I'm going to quote at some length from David Wiley's Facebook page to set this up (so you don't have to go get a Facebook account to read this), and then offer my comments below.
This is a *perfect* parable for the way math has been taught for decades:

"A person lives inside a room that has baskets of tokens of Chinese characters. The person does not know Chinese. However, the person does have a book of rules for transforming strings of Chinese characters into other strings of Chinese characters. People on the outside write sentences in Chinese on paper and pass them into the room. The person inside the room consults the book of rules and sends back strings of characters that are different from the ones that were passed in. The people on the outside know Chinese. When they write a string to pass into the room, they understand it as a question. When the person inside sends back another string, the people on the outside understand it as an answer, and because the rules are cleverly written, the answers are usually correct. By following the rules, the person in the room produces expressions that other people can interpret as the answers to questions that they wrote and passed into the room. But the person in the room does not understand the meanings of either the questions or the answer." (From Searle (1980) via Greeno (1997) via dy/dan today -

It's encouraging to see recent trends in math instruction trying to move beyond the "Old Way" - that hallowed, relentless focus on the process of performing calculations without ever helping students see what the calculations *mean*. In addition to being able to calculate, people need to actually *understand* math. If they don't understand it, the only times in their lives that math will ever be useful to them is when they're confronted by a textbook.

It's a total crime when you think about: 10 or so *years* studying the subject, and all that many people have to show for it are the most utterly banal applications of addition and multiplication. Maybe some subtraction. (Division is way too complicated.) Certainly nothing taught after elementary school.

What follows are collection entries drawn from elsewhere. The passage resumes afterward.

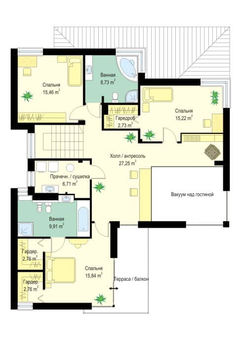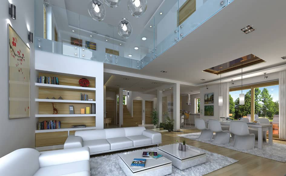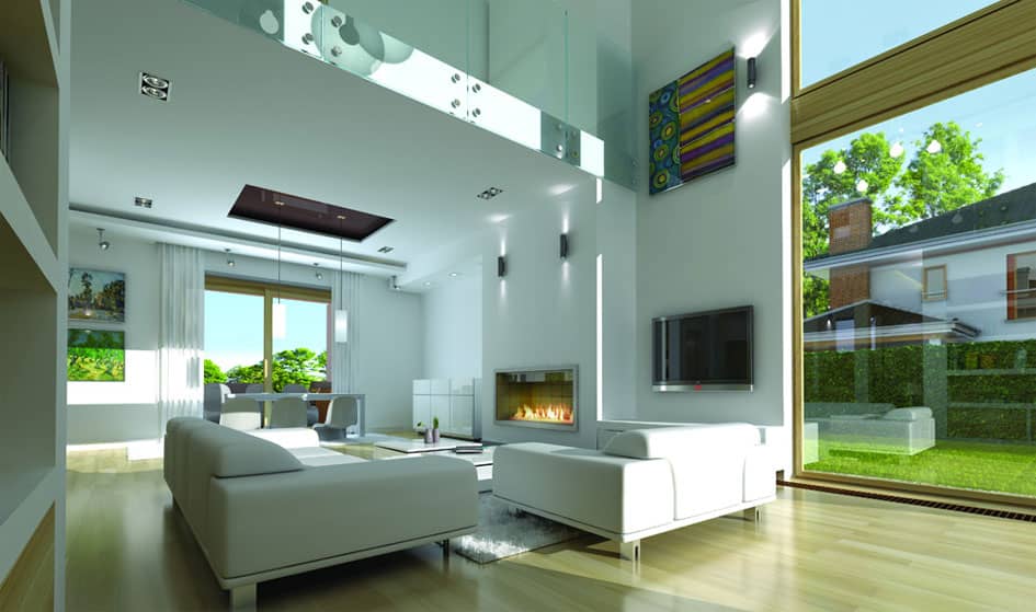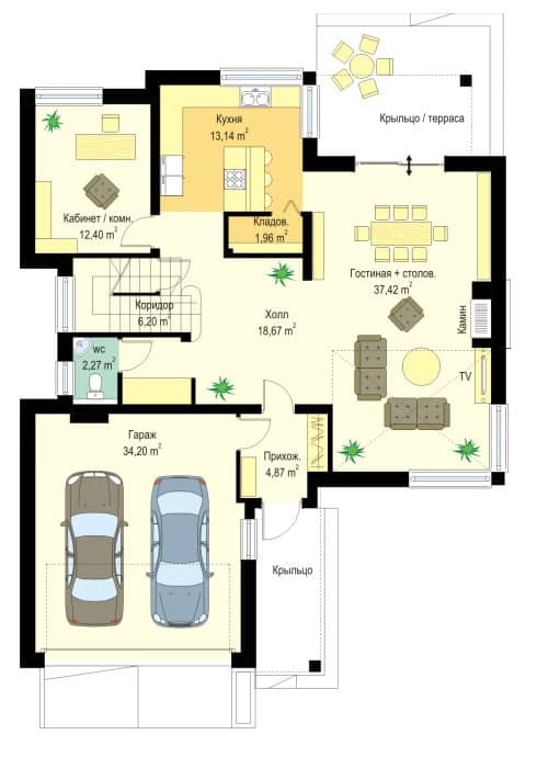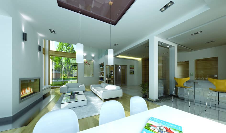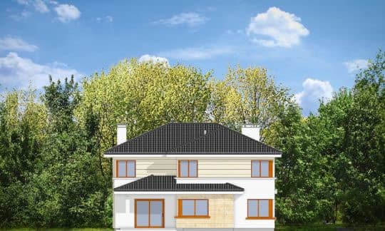 Проект дома Ривьера - это современный дом для семьи из 4 - 6 человек. Двухэтажное строение, спроектировано в т-образной форме с двускатной крышей. Архитектурный стиль, напоминает городскую виллу, заключая в себе модернизированные детали и современные материалы. Благодаря такому соединению, получается элегантное, законченное строение. Проект дома Ривьера, можно реализовать даже на невыгодно расположенном, учитывая стороны света участке земли, даже при въезде со стороны Юга, благодаря обширным остеклениям в доме будет много света. Со стороны сада, расположена частично крытая терраса, на которой благодаря этому, можно находиться в дождливый день. Внутри дом разделен на функциональные части. В дневной половине, на первом этаже находится, прекрасная двухэтажная гостиная с антресолью на первом этаже, столовая, холл с солидной лестницей и частично открытая кухня. Запланирована тут же дополнительная комната, которая может быть приспособлена под кабинет или гостевую и двухместный гараж. Тех. помещения расположены в подвале. На втором этаже, находятся апартаменты родителей с отдельной ванной и гардеробом, две спальни с гардеробами, ванная и прачечная. Большой холл является гармоничным продолжением гостиной.
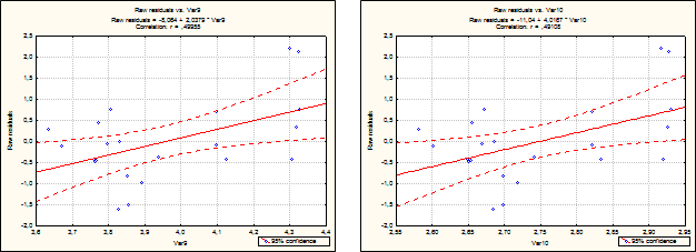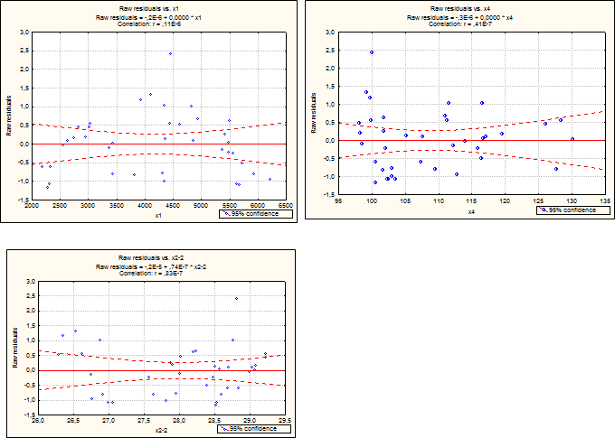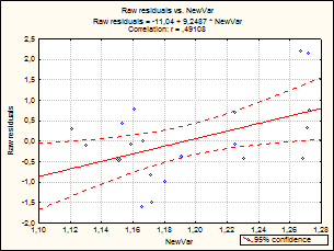 | Regression Summary for Dependent Variable: x4 R= ,23795270 R?= ,05662149 Adjusted R?= ,03112477 F(1,37)=2,2207 p<,14464 Std.Error of estimate: 9,0744 |
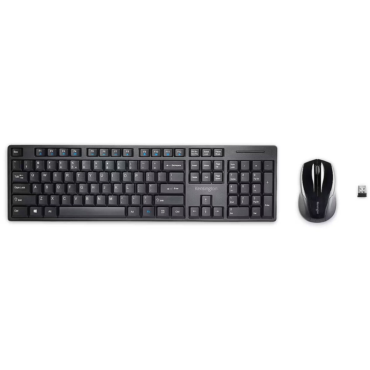 LongDesc - The Kensington Pro Fit® Low-Profile Wireless Desktop Set is a reliable solution for the professional workstation. Providing a full-size, spill-proof keyboard with multimedia keys, a comfortable ambidextrous mouse and AES encryption, the Pro Fit Low-Profile Wireless Desktop Set supports a clutter-free and secure workstation.Low-profile, full-size keyboard provides multimedia keys for enhanced productivity and quick access to frequently used applications and filesAmbidextrous mouse is designed to provide all-day comfort for the right or left hand and provides an optical sensor with 1200 DPI for precise control2.4GHz USB receiver provides a reliable wireless connection up to 10 metres for the keyboard and mouseProfessional design offers smooth, low-profile keys to make typing more efficient and comfortableSecure wireless connection protects sensitive data from potential hackers using AES 128-bit encryption technologySpill-proof keyboard resistant to coffee, water and other liquidsPlug & Play allows you to plug the receiver into your computer’s USB port and immediately start using your keyboard and mouseOptimised for your Windows 11 keyboard and mouse needs.
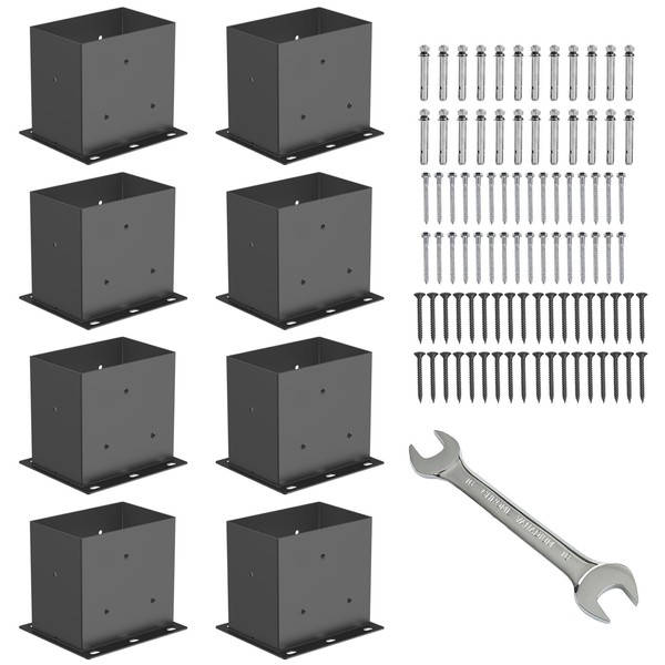 - Screws & Anchors Supplied : A wrench. 48 x expansion anchors for concrete floors, 48 socket head wood screws for wood floors, 64 Phillips head self-tapping screws for 4x6 post fixation.All screws are inserted inside the base.
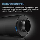 - Product DescriptionA clothed filter designed to lengthen the lifespan of your carbon filter by keeping debris from entering the charcoal bed. Each form-fitting prefilter is made of polyester capable of blocking particles like dust, lint, pollen, and hair while allowing complete air passthrough. This ensures that your carbon filter properly traps odors in its activated charcoal and refines the air when used with an inline duct fan. The breathable prefilter cloth is machine washable and is long-lasting, reusable up to six months between cleanings. Vacuum the prefilter to remove the dust before throwing it into the washer, and hang dry the cloth to prevent shrinking. ApplicationsThis replacement prefilter cloth is fit for carbon filters, acting as the first line of defense against particles that can clog up the charcoal bed. Slip onto the exterior for use in intake airflow applications, or into the inner chamber for exhaust configurations.
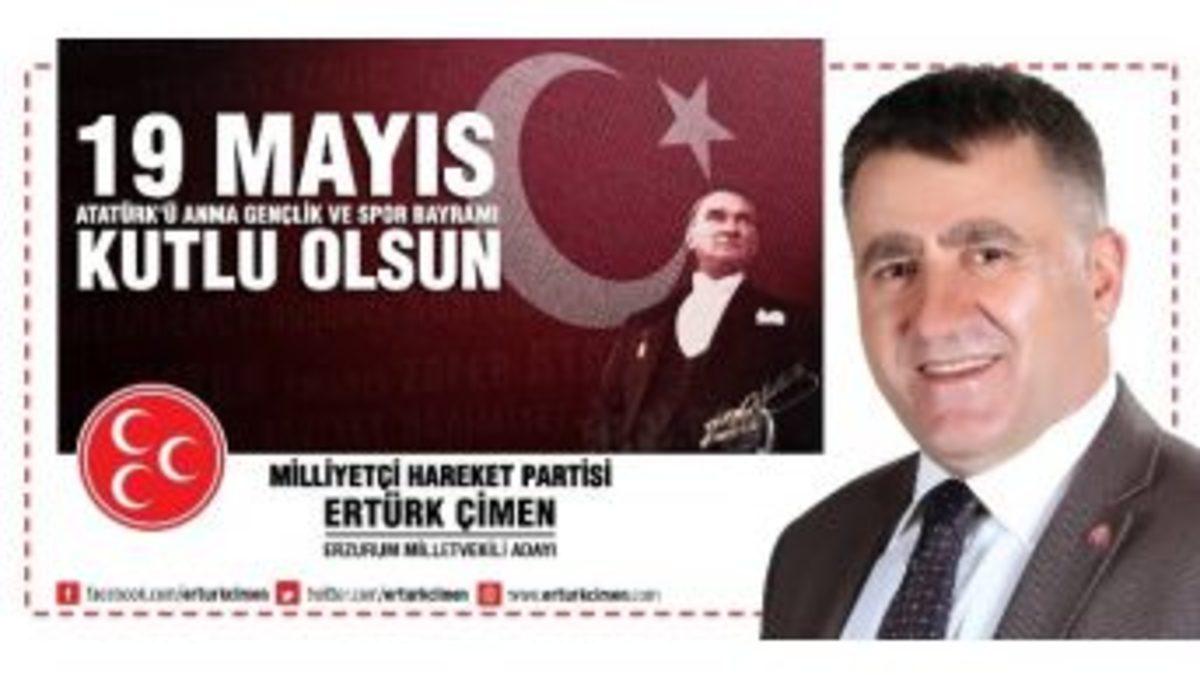 Erzurum MHP Milletvekili Adayı Ertürk Çimen; Mayıs Atatürk’ü Anma, Gençlik ve Spor Bayramının 96. yıl dönümünü dolayısıyla bir kutlama mesajı yayınladı.Ertürk Çimen mesajında şunları kaydetti; "Birlik ve beraberlik içinde bu topraklara ve tarihimize duyduğumuz derin sevgi ve bağlılık, birlikte oluşturacağımız mutlu ve müreffeh geleceğe olan güvenimiz, milletçe bizi birbirimize daha çok kenetleyecektir.Bu duygularla, bu özel günü gençliğimize emanet eden Gazi Mustafa Kemal ve İstiklal Savaşımızın şehit ve gazilerini, isimsiz kahramanlarını rahmet ve minnetle yad ediyor, Gençlik ve Spor Bayramını en içten dileklerimle kutluyorum.”
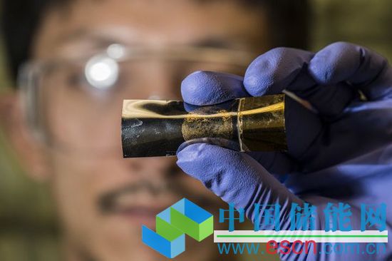 Yang Yang在展示一片柔性儲能原型,其結(jié)合了電池和超級電容的雙重優(yōu)良特性。
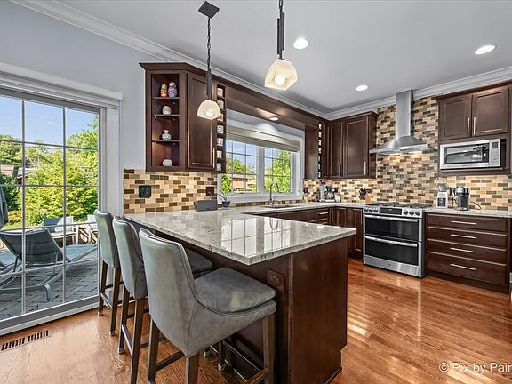 Welcome to 1696 Highland Ave, where refined design meets effortless living. Completely reimagined and REBUILT in 2015 (foundation excluded), this exceptional home offers an open-concept layout with 4 bedrooms, 4.1 bathrooms, a fully finished basement, EV-ready 2-car garage, brick paver patio, and numerous upgrades. The main level features light-filled living and dining areas that connect to the kitchen. Anchored by an elegant fireplace, the living room invites relaxation, while the dining room easily accommodates large gatherings. The kitchen showcases dark cabinetry, neutral countertops, a single-basin stainless sink, Culligan reverse osmosis system, and a full suite of stainless appliances. A well-placed powder room adds convenience, and a flexible room nearby can serve as an office or reading room. Gleaming hardwood floors span the main and upper levels, providing warmth and continuity. Upstairs, the primary suite impresses with double closets and an en suite spa-like bathroom featuring dual sinks, an oversized shower, and a separate whirlpool tub. One secondary bedroom includes a private full bathroom, while two other bedrooms share a dual-access bathroom. A laundry closet completes this level for everyday ease. The finished basement extends the living space with soft carpeting, a versatile bonus room, a full bathroom with steam shower, and a large utility room for storage. Outdoors, enjoy the EV-ready garage with an additional gravel parking space. Entertaining is effortless with a garage refrigerator, detached grill, two outdoor Sonos speakers, Unilock brick paver patio with fire pit, and included furniture. Additional highlights include professionally designed closets, room-darkening blinds upstairs, solid wood interior doors, and professional landscaping with perennials and sideline Arborvitae trees for extra privacy. NEW UPDATES include: steam shower in basement (2025), kitchen refrigerator (2025), concrete driveway sealed (2024), water heater with instant hot water (2024), sump pump with backup battery (2024), air ducts cleaned (2024), water softener (2023), Culligan reverse osmosis system (2023), concrete driveway replaced (2022), microwave (approx. 2021), dishwasher (approx. 2020), range with double oven (approx. 2019), two smart thermostats (within last 5 yrs), garbage disposal (within last 5 yrs). Every improvement has been executed by professionals for quality and longevity. Located near highly rated schools, including Glenbrook North High School, I-94 and I-294, running trails, golf courses, and retail, this residence combines thoughtful design, meticulous upkeep, and lasting comfort!
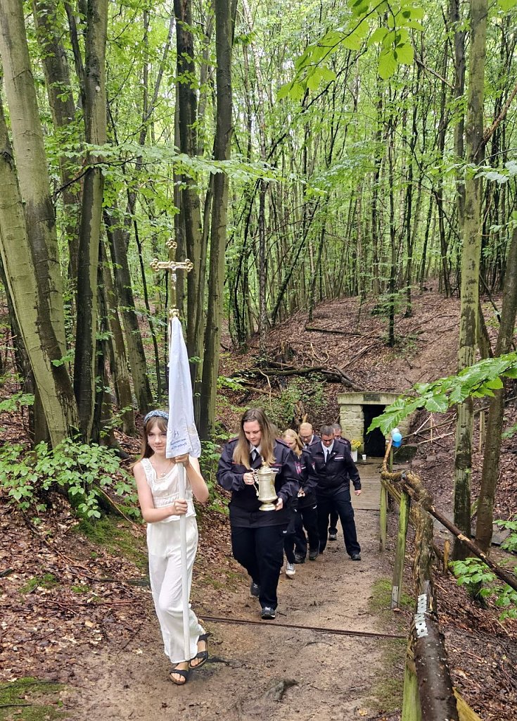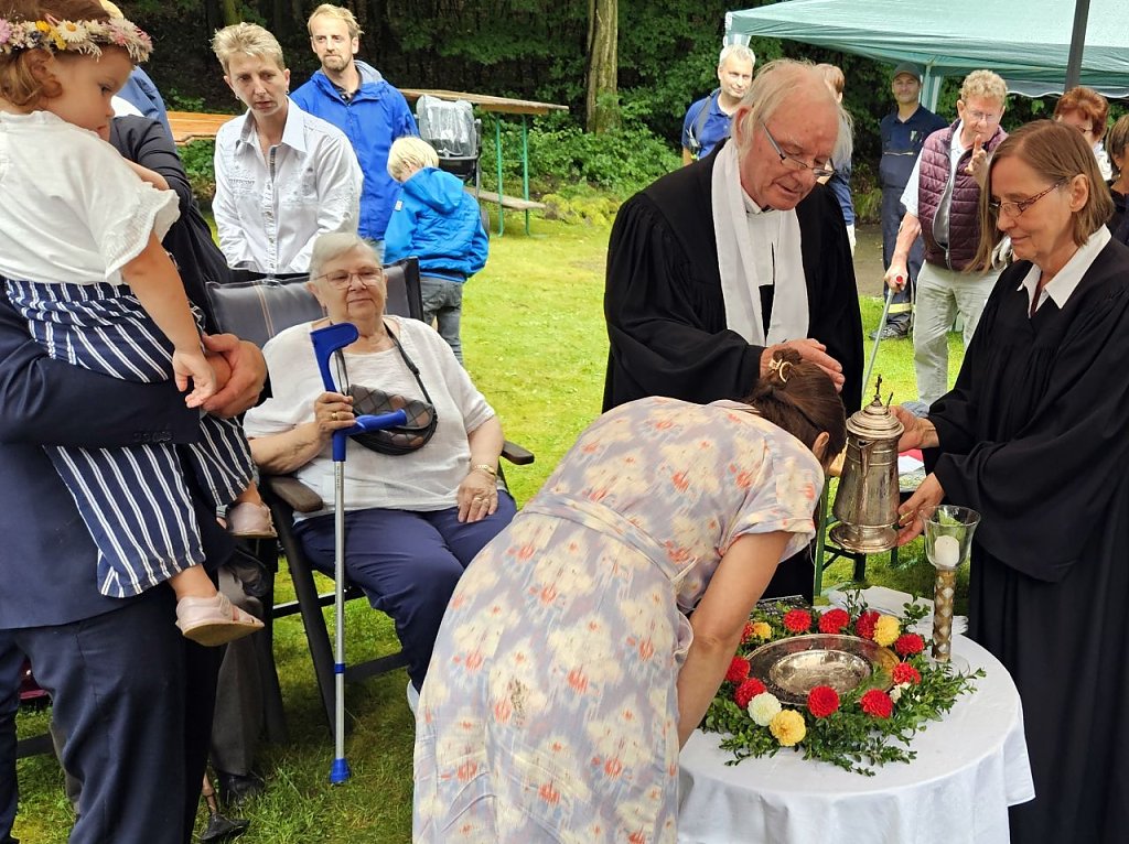 Das war ein stärkender Moment für die Christinnen und Christen der Region. Ein Fest des Glaubens, unterstreicht Andreas Schwarze. Menschen strömen herbei - die kleine Lichtung steht voller Pavillons, die sich trotz des anfänglichen heftigen Regens schnell füllen. Durch die farbigen Markierungen finden die Taufgesellschaften schnell ihr Zelt. Drei hat man für sie errichtet – in der Mitte je ein kleiner Altar mit der blumengeschmückten Taufschale, viele Bänke rundherum. Und sogar geregnet hat es ab Punkt 11 Uhr nicht mehr. Unzählige fleißige Hände haben all dies noch am Morgen aufgebaut. Die Feuerwehr Trebra immer dabei. Sie organisiert auch die Parkplätze und holt im Gottesdienst das Wasser aus dem Gesundbrunnen. Ihnen voran geht Heidi mit einem Kreuz. Sie selbst ist vor 7 Jahren beim letzten Tauffest in Mackenrode getauft worden.

I continue to be completely amazed - absolutely stunned - at how vehemently many in Utah and around the country are fighting against educators' efforts to help students learn math in a way that teaches them both to calculate *and* to understand. Why don't they want them to understand? Why do they want to sentence their child to life in the Chinese Room?

I have to add, too, that I'm increasingly confused by the popular fetish with the algebra, trigonometry, and calculus pathway. When's the last time you read a news story involving polynomials? Or heard a piece on the radio involving the law of cosines? Never. But when was the last time you were manipulated by a media conglomerate, or a government agency, or a news outlet, or a campaign ad because you don't understand statistics? Sadly, it was probably earlier today. Normal people have infinitely more opportunities to use the concepts taught in statistics in their lives than they do the concepts taught in the traditional math sequence. How about some love for statistics?
That's a really interesting use of the Chinese Room example (it is well known as such to philosophers).

The example was originally intended as a response to the 'Turing Test' model for evaluating artificial intelligence. The idea of the Turning Test is that a machine could be considered intelligent if its responses are sufficient to fool a human interlocutor.

One response to the example suggests that a machine could not actually succeed in responding without actually understanding. It would need to form models and comprehend principles in order to anticipate the variety of comments and questions thrown at it.

Another, related, response is that the example appears to an intuition that has not itself been validated. If we did not believe a priori that the combination of person and machine did not understand, would the example convince us that they don't? (This is sometimes called the 'systems' response.)

My own take is that the example, if it succeeds, succeeds because of oversimplification. Our interactions are not in fact composed entirely of conversations in words. If the understanding of the Chinese Room is inadequate, it is because cognition thought of as interaction via text is inadequate.

The same sort of responses could be offered with respect to testing. First, the student could not really succeed in the test without actually understanding (call that the 'Brainbench' example. Second, the capacity to respond to thee tests is itself a form of understanding (call that the cognitivist response). Third, appropriate testing would go well beyond text-based questions and answers (call that the recognition response).


I would also add that despite the weaknesses of the algebra, trigonometry, and calculus pathway, the suggestion that people learn statistics instead is not a viable alternative, for the primary reason that it is not an actual alternative.

Once you get into the study of anything beyond simply statistics, you are going to be involved in the study of algebra, trigonometry, and calculus. Statistics is the study of change, and change can come in pretty much any mathematical form.